This was the challenge we faced with Twilio Segment’s alert and notification services: a monolithic architecture had evolved from a simple alerting system into a complex, tightly-coupled application responsible for millions of daily notifications. What started as an elegant solution had become our most significant reliability risk, where any component failure could cascade into system-wide outages, affecting many product features simultaneously.
Our solution wasn't just to break apart the monolith, but to reimagine alerting as composable, orchestrated workflows where each function became an independent task that can be combined, reused, and managed through a unified orchestration platform.

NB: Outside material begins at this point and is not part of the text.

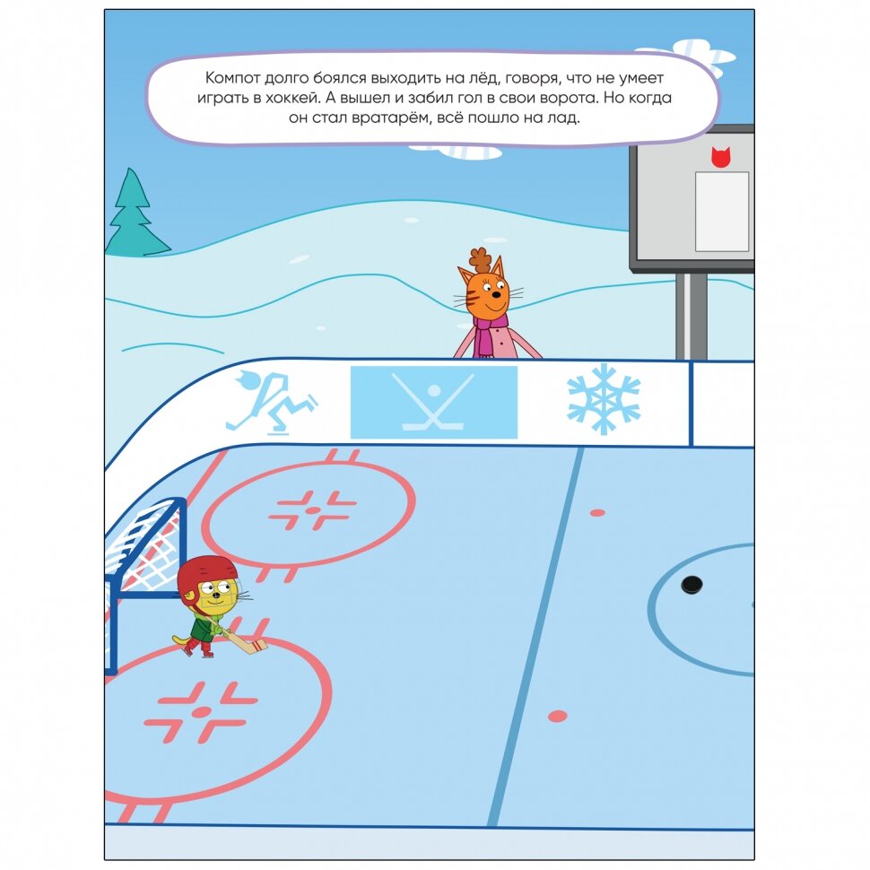 Миу-миу-миу! А ваш ребенок любит мультсериал «Три кота»? Тогда ему обязательно понравится эта книжка с наклейками, рассказывающая о разных видах спорта.

In this post, we’ll show how we piecemeal broke apart functionalities and reworked our notifications architecture with the Strangler Fig pattern, while evolving our data model and migrating seamlessly along the way.
Anatomy of a brittle architecture
Our legacy notification service combined three different responsibilities within a single application:


- API Operations: Manages user preferences and notification configurations
- Event Processing: Processing of platform events from Kafka in real-time. Enriching events for notifications before scheduling delivery
- Job Scheduling: Time-based notification delivery and recurring alert management
While this consolidation initially provided development velocity, it introduced critical architectural interdependencies. These three components shared the same process space, database connections, and failure modes. This meant that an issue in event processing would immediately impact API availability for all users.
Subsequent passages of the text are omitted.